Small Business Development minister Khumbudzo Ntshavheni has gazetted the National Small Enterprise Amendment Bill, which aims to further regulate the country’s small, medium and micro-enterprises (SMME) sector.
Ntshavheni said that the bill will further provide for the establishment of a Small Enterprise Ombud Service which will actor as a support function to the minister.
“Despite the critical role of small businesses in the economy and development objectives of South Africa, the SMME sector remains vulnerable to exploitation and unable to utilise available legal remedies due to the prohibitive costs,” Ntshavheni said.
“The Ombud service will become a vital legal instrument to enforce SMME contracts and resolve business-to-business disputes as well as considering and disposing of complaints by small enterprises in relation to the interpretation of the terms of agreement for procurement of goods, services or late and non-payment of amounts due and payable to small enterprises.”
Ntshavheni said the bill will further assist with handling complaints in a ‘procedurally fair, economical and expeditious manner’ – which will look at what is equitable in all the circumstances, with due regard to the contractual arrangement or other legal relationship between the complainant and any other party to the complaint.
The bill states that this ombudsman may make ruling in favour of small businesses, including monetary awards for any financial prejudice or damage suffered.
Unfair trading practices
The bill will also give the minister and ombudsman powers to further regulate small businesses in South Africa in issues of ‘unfair trading practices’.
On recommendation by the ombudsman, the bill will allow the minister to declare certain practices in relation to small enterprises to be prohibited unfair trading practices.
The minister may also make regulations requiring specified enterprises to provide in the prescribed manner, information about their contracting and payment practices and policies relating to small enterprises.
Additional rights and responsibilities
The bill also sets out the following rights and responsibilities for small businesses in the country, including:
- The right to fair and unambiguous business contract;
- The right to a reasonable payment date and interest on late payments;
- The right to disclosure of information;
- The right to fair and honest dealing; and
- The right to accountability from large enterprises and organizations.
However, the bill also states that businesses face additional clamping down on:
- Ambiguous contract terms;
- Lack of written contracts;
- Retrospective changes to arrangements;
- The transfer of commercial risk to the weaker party.
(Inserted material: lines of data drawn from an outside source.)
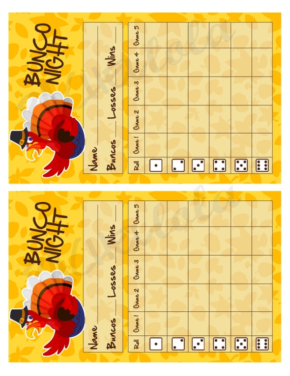 Turkey Thanksgiving Bunco Score Card Score Sheet Bunko Party Scorecard Bunco Theme Group Printable Template Instant Digital Download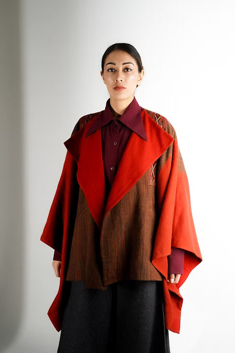 The Repurposed Cape is a striking fusion of Ladakh’s Nambu wool and the intricate weaves of Kullu shawls, reinterpreted into a front-open poncho with a flowing handkerchief hemline. Designed for effortless layering, this piece drapes with a sense of movement, embodying the fluid elegance of Himalayan textiles. By repurposing pre-existing Kullu shawls, each cape carries a distinct character, with patterns and colors that tell a story of craftsmanship. Adding Ladakh’s handwoven Nambu lends structure and warmth, ensuring both comfort and durability.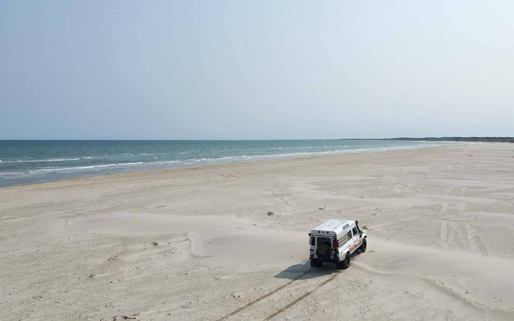 Einige Strände darf man sogar befahren, was in Europa nicht selbstverständlich ist. Man sollte hierbei jedoch Vorsicht walten lassen: Es gibt viele Geschichten von Reisenden und ihren Fahrzeugen, die bei Flut im weichen Sand steckengeblieben sind. Damit uns so etwas nicht passiert, hatten wir uns im Vorfeld über die Gezeiten informiert.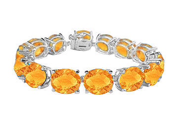 This classy and versatile bracelet surrounded on your wrist with oval faceted cut citrines in prong-setting. Each stone size consists of 10X8 MM and the bracelet is 7 inches long with a lobster clasp. The entire bracelet is made in 14K white gold and has a total gem weight (TGW) of 50.00 carats.

- The use of information outside the purpose for which the other party discloses it;
- Sudden and unjustified termination of a commercial relationship or termination without reasonable notice;
- Long-term exclusive agreements aimed at preventing weaker parties from entering an existing market;
- Unfair exclusionary compliance requirement practices; or
- Unfair contract terms in retail and commercial leases for small enterprises.